■ What the task requires ■
Beginning with the line containing "- Click Download" and going on through the line containing "Standard-sized taper candles", the lines below are to be returned exactly, pictures excluded and nothing added.

■ Dataset records ■
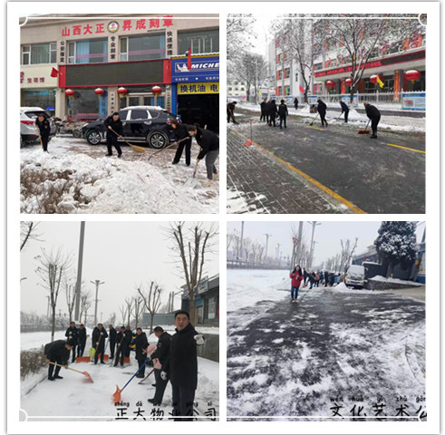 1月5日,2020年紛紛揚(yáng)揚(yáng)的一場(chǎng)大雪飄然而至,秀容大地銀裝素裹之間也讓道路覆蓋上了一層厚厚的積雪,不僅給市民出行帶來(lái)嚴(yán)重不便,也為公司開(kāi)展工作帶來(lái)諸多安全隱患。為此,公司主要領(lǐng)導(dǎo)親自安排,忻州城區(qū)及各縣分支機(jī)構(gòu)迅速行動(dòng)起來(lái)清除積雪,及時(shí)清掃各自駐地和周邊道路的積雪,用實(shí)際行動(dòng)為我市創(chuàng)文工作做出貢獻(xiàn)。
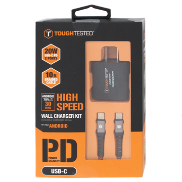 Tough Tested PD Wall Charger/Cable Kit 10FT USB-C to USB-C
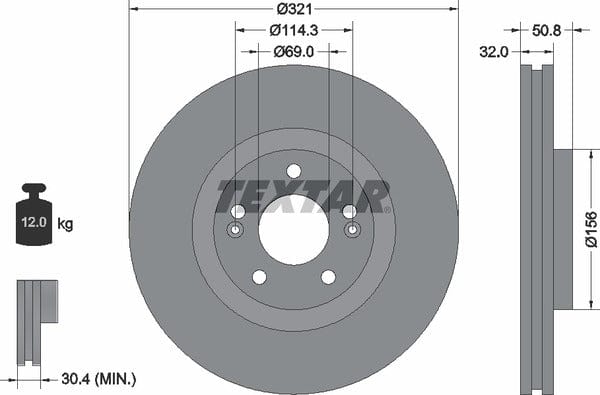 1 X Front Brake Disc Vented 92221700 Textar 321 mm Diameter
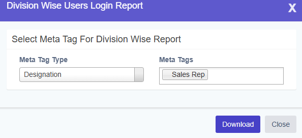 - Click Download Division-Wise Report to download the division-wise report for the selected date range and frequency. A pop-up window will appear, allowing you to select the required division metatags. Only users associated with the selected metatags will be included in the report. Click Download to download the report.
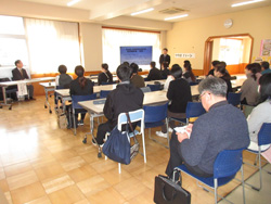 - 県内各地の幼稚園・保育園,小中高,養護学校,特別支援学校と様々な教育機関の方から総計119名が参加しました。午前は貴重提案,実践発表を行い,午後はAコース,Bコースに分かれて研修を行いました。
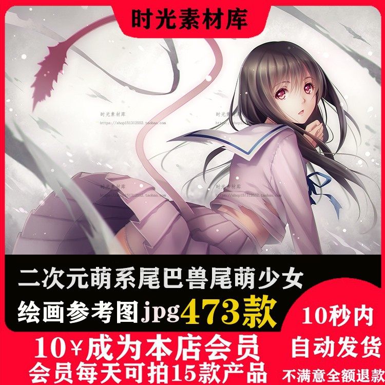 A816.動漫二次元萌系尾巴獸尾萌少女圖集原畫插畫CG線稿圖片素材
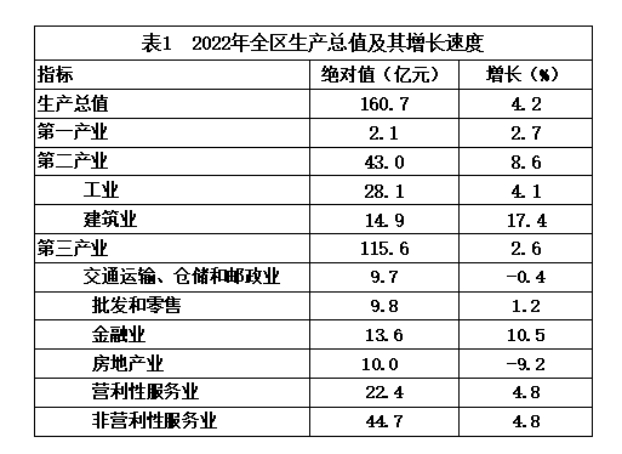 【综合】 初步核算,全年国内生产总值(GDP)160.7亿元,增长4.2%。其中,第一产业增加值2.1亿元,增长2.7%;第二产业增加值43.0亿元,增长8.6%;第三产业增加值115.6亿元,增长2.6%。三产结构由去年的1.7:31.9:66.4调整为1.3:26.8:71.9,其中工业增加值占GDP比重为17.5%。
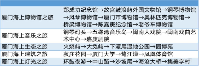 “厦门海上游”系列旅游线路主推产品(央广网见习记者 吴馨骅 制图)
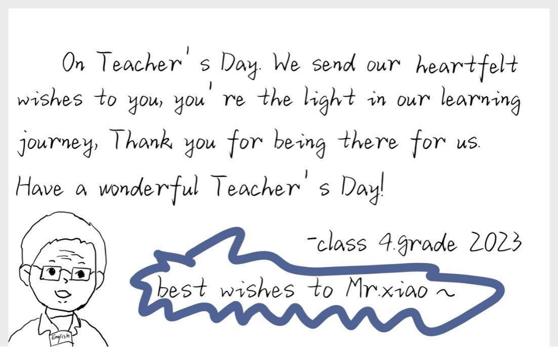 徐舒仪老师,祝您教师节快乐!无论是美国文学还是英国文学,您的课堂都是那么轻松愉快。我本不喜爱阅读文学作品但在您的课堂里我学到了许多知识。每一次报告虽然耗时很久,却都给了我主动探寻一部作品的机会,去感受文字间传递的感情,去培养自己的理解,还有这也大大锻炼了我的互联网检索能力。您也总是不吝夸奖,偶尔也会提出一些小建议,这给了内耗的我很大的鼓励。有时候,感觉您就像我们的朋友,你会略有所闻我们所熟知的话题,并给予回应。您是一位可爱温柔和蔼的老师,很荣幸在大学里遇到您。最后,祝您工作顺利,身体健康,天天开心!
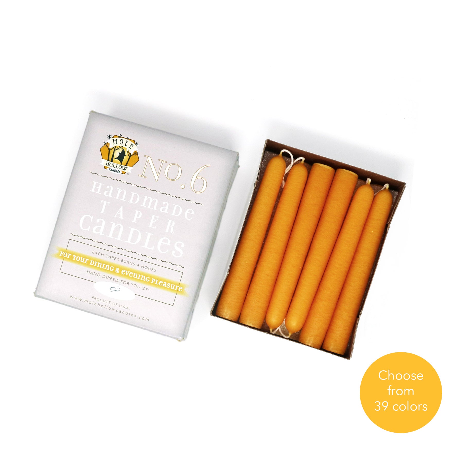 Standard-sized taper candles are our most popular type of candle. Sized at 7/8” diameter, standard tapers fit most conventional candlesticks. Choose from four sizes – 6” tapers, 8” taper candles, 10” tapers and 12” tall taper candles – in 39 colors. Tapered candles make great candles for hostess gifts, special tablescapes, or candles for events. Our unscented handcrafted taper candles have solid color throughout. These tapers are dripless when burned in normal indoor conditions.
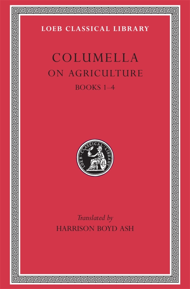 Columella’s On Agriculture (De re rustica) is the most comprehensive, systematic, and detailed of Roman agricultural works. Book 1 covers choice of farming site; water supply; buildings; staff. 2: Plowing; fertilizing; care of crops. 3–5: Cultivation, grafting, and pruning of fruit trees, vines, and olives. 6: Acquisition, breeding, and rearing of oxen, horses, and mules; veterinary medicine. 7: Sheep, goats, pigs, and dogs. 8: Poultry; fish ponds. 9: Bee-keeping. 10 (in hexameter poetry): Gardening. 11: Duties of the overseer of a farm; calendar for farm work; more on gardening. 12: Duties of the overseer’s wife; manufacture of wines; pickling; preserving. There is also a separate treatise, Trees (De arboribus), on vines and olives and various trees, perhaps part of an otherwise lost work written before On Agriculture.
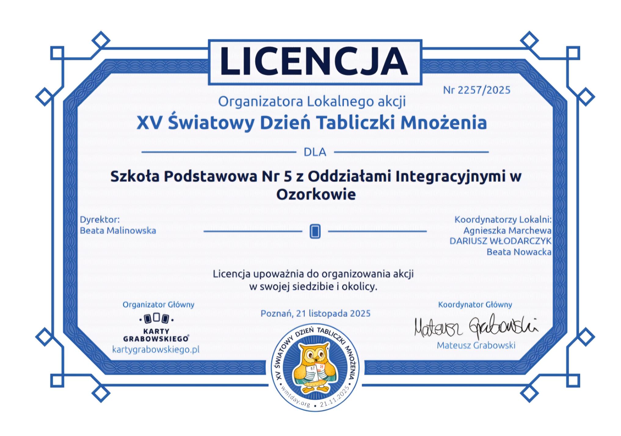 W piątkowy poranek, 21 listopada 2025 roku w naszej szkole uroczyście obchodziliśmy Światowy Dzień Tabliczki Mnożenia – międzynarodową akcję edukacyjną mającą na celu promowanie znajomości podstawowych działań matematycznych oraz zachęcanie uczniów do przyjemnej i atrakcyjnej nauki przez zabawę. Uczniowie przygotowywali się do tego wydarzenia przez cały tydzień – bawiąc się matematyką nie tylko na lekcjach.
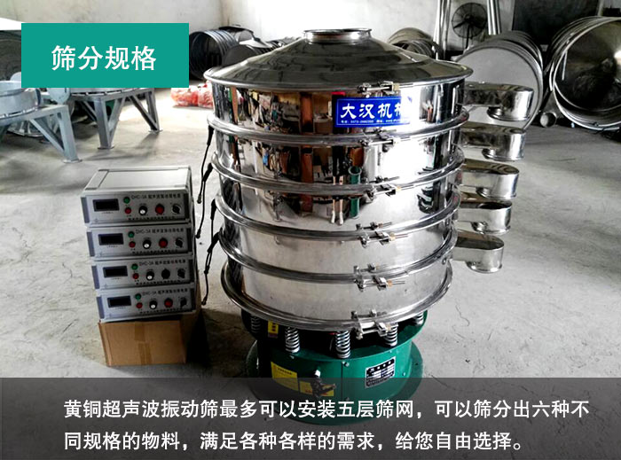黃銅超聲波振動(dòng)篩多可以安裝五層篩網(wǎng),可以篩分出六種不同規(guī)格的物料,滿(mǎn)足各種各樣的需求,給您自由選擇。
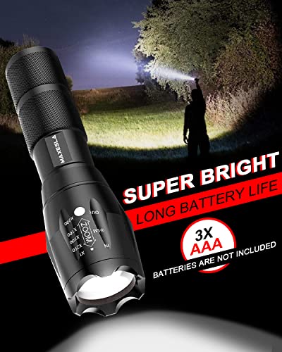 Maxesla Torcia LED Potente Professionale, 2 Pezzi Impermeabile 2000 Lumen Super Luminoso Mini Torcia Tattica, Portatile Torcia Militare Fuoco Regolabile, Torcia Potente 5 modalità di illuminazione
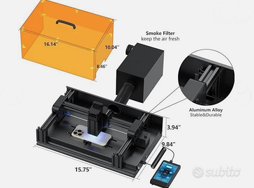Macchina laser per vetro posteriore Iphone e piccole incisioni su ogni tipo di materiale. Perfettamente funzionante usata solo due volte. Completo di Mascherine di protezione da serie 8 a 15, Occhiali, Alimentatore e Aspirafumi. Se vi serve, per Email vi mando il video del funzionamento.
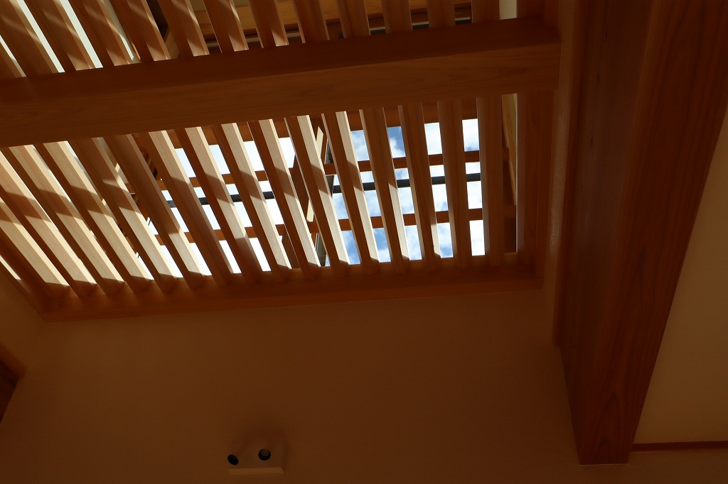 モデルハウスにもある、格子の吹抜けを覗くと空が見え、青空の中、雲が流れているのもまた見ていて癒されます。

■ Answer box ■
 - Click Download Division-Wise Report to download the division-wise report for the selected date range and frequency. A pop-up window will appear, allowing you to select the required division metatags. Only users associated with the selected metatags will be included in the report. Click Download to download the report.
 - 県内各地の幼稚園・保育園,小中高,養護学校,特別支援学校と様々な教育機関の方から総計119名が参加しました。午前は貴重提案,実践発表を行い,午後はAコース,Bコースに分かれて研修を行いました。
 A816.動漫二次元萌系尾巴獸尾萌少女圖集原畫插畫CG線稿圖片素材
 【综合】 初步核算,全年国内生产总值(GDP)160.7亿元,增长4.2%。其中,第一产业增加值2.1亿元,增长2.7%;第二产业增加值43.0亿元,增长8.6%;第三产业增加值115.6亿元,增长2.6%。三产结构由去年的1.7:31.9:66.4调整为1.3:26.8:71.9,其中工业增加值占GDP比重为17.5%。
 “厦门海上游”系列旅游线路主推产品(央广网见习记者 吴馨骅 制图)
 徐舒仪老师,祝您教师节快乐!无论是美国文学还是英国文学,您的课堂都是那么轻松愉快。我本不喜爱阅读文学作品但在您的课堂里我学到了许多知识。每一次报告虽然耗时很久,却都给了我主动探寻一部作品的机会,去感受文字间传递的感情,去培养自己的理解,还有这也大大锻炼了我的互联网检索能力。您也总是不吝夸奖,偶尔也会提出一些小建议,这给了内耗的我很大的鼓励。有时候,感觉您就像我们的朋友,你会略有所闻我们所熟知的话题,并给予回应。您是一位可爱温柔和蔼的老师,很荣幸在大学里遇到您。最后,祝您工作顺利,身体健康,天天开心!
 Standard-sized taper candles are our most popular type of candle. Sized at 7/8” diameter, standard tapers fit most conventional candlesticks. Choose from four sizes – 6” tapers, 8” taper candles, 10” tapers and 12” tall taper candles – in 39 colors. Tapered candles make great candles for hostess gifts, special tablescapes, or candles for events. Our unscented handcrafted taper candles have solid color throughout. These tapers are dripless when burned in normal indoor conditions.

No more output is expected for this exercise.